Леттристы нападали на Андре Жида («старая сука», «педик»), на благотворителя Изу – Полана («гадина»). Андре Бретона яростно обзывали болтуном, истекающим «беспомощным гневом», истерически утверждали его место в прошедшем времени, унесшим его самого: «он продался, продался сам и продал свое поколение – всякой вере, всякой надежде, всякому бутику. Он один не был одурачен – на том и стоит». Экзистенциализм был объявлен тусклой, вульгарной смесью Ницше, Гуссерля, Хайдеггера и Ясперса – не самое ошибочное определение. Шла культурная война.

Декларация Изу о том, что его цель — стать богом («но – отметил он в 1958 году – без отказа от таких удовольствий как сомнение и скептицизм»), не была шуткой; не шутил он, заявляя, что творящий новые формы также становится богом. Как дада вызывал тысячелетних духов, так и Изу возродил гностическое верование о тех, кто приближается к истине – именно они, и никто другой, — становятся Богами Истины и наследуют Землю. «Он был Мессией – говорит Жан-Поль Кюртай (сегодня он доктор и поэт, а в конце 60-х состоял в группе Изу) – он обещал рай: экономика будет рогом изобилия, искусство – беспрестанным волнением, жизнь – чудом».

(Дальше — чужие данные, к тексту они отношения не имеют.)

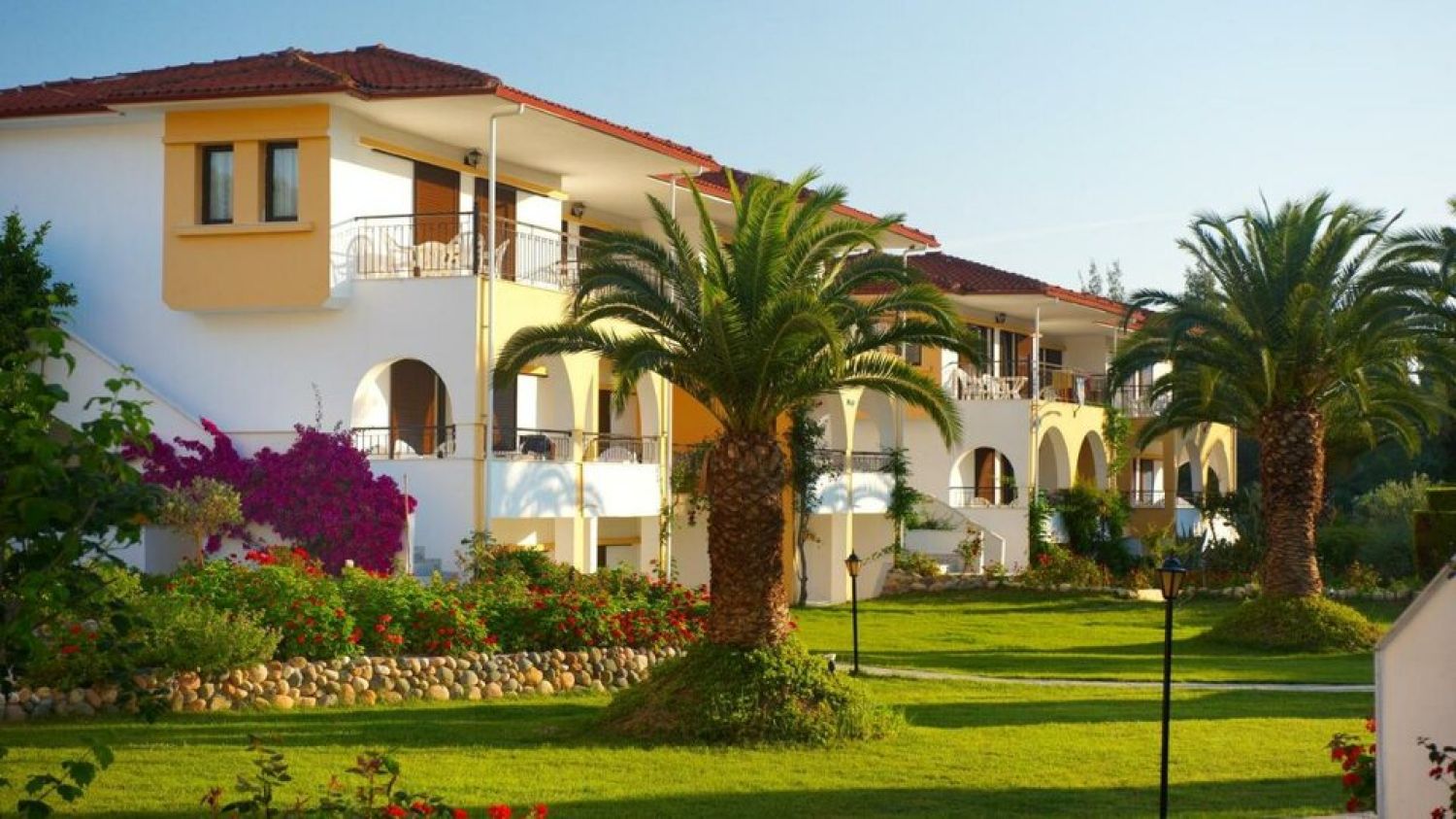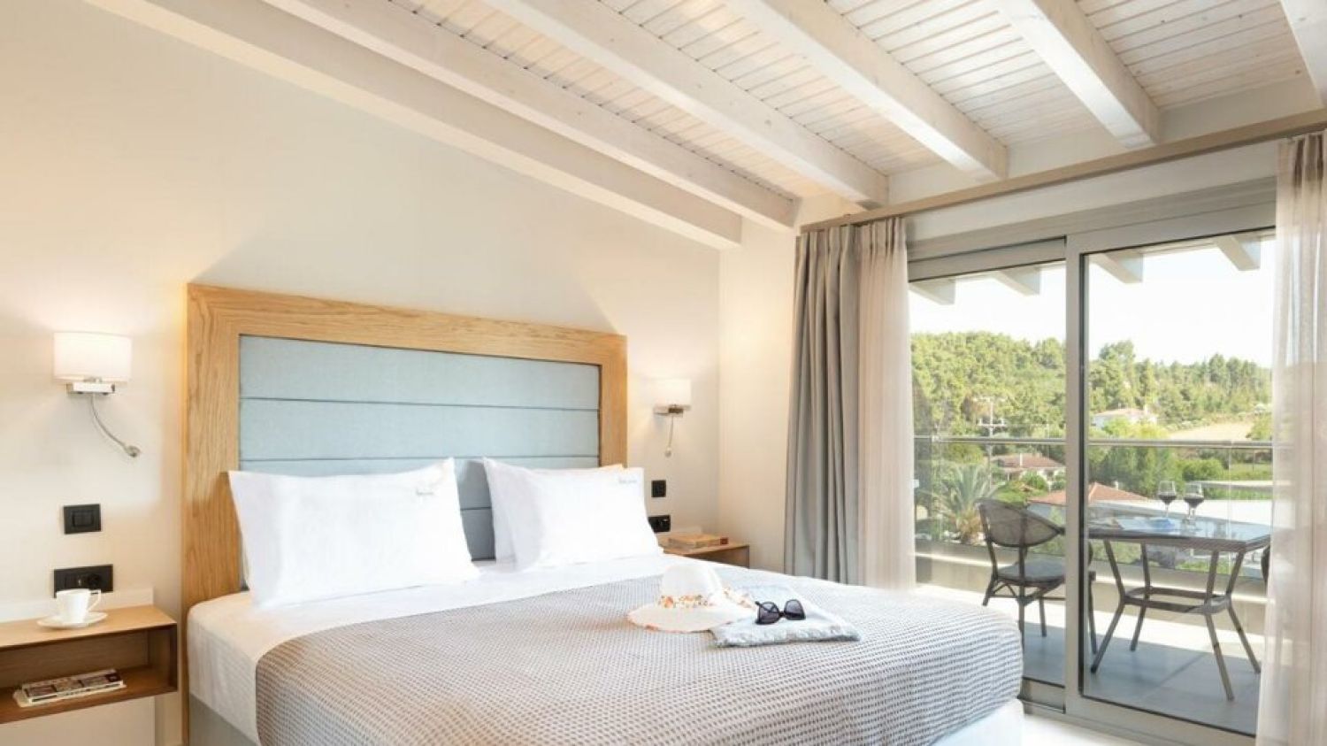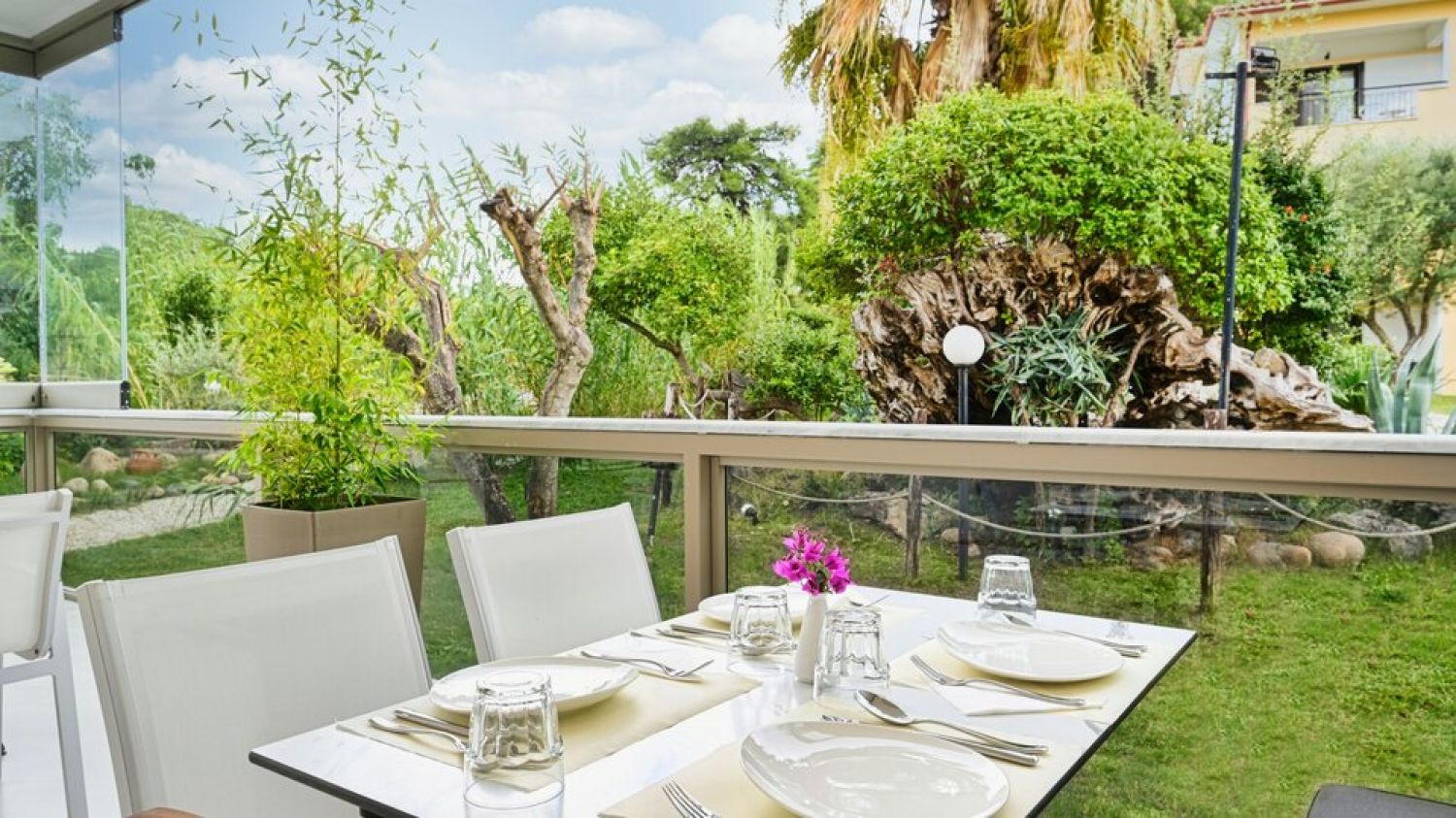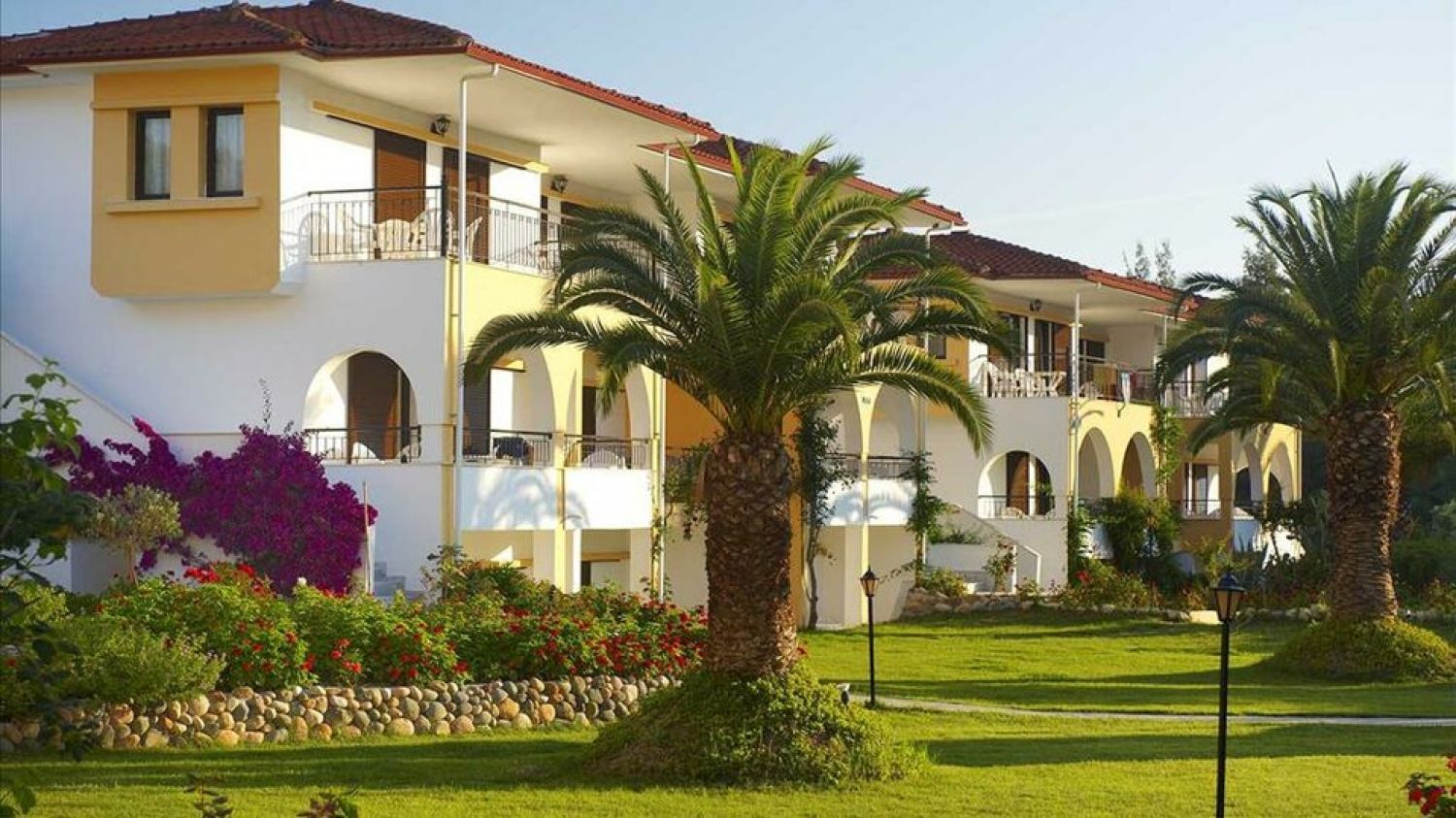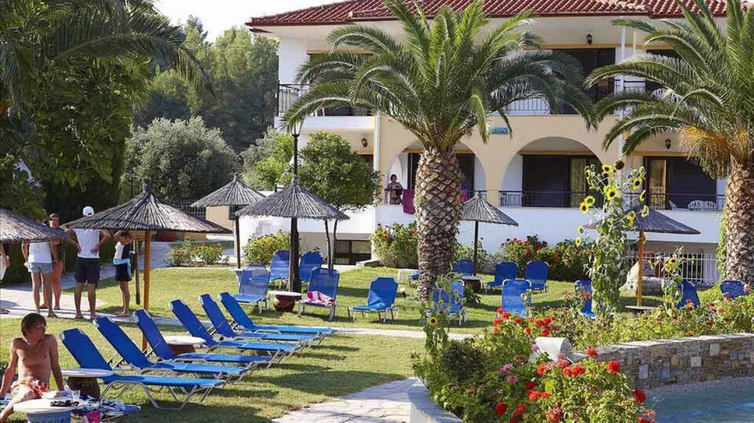 At the southern tip of the Cape of Kassandra in Paliouri, you can discover the Chrousso Village Hotel, a fine complex of beautifully appointed lodgings, within 4 hectares of lush gardens of roses, bougainvillea, geraniums and rosemary. The hotel stands out in the size of the outdoor areas brimming with rich flora and fragrant pines, ready to offer accommodation and a variety of rich flavors, designed and oriented to family holidays and kids. Set amidst lush gardens, this laid-back all-inclusive seasonal hotel is a 10-minute walk from Xenia Beach and 2 km from the picturesque Paliouri village, and only an hour-an-a-half drive away from the Thessaloniki airport.

Так свидетельствует паж, хотя трудно поверить, что кто-то в это верил – но, так или иначе, многие верили. Дело не в том, чтобы воспринять заявления Изу буквально – хотя многие неуравновешенные из числа леттристов, такие, как Померан, именно так и поступали – но понять, понять в контексте послевоенного конформизма и преобладающей художественной энтропии («Сегодня время – говорил Бретон Изу – слагать легенды») всю мощь экстремальных воззваний Изу. Он не был дадаистом, он был политиком. В его начальную пору важным было то, что он умел превратить в фанатика всякого – особенно молодого человека, удостоверившегося в своей непризнанной гениальности. В любое время это означает: множество молодых людей; в Париже конца 40-х альтернативой леттризму оставалось только слоняться у «Двух Маго» в стремлении выяснить, какие сигареты сегодня предпочитает Симона де Бовуар. Спустя несколько лет Франсуаза Саган и Дж. Д. Сэлинджер предложили молодым людям жалость к самому себе и самолюбование. Изу же предложил им героизм, товарищество и что, вероятно, самое важное: возможность увидеть свое имя напечатанным. Сам Изу, враг любого шаблонного рассуждения, исписывал сотни, затем тысячи страниц с разъяснениями своих теорий; произведения его последователей, трактаты и памфлеты о любом жанре искусства наполнялись любым типом графики, схемами, уравнениями, если не по уровню сравнимыми с основополагающими, то уж точно – по схоластической концентрации и кабалистическому герметизму. Не только слова Изу – не меньшей силой обладали его кудри, ровно ниспадающие со лба. «Даже сегодня – говорила Мишель Бернштейн о фотографии Изу на ее стене – когда мои племянники приходят ко мне в гости, они всегда меня спрашивают «кто эта поп-звезда?» Глубинным посланием Изу было то, что мир принадлежит молодым — если они только смогут это осознать.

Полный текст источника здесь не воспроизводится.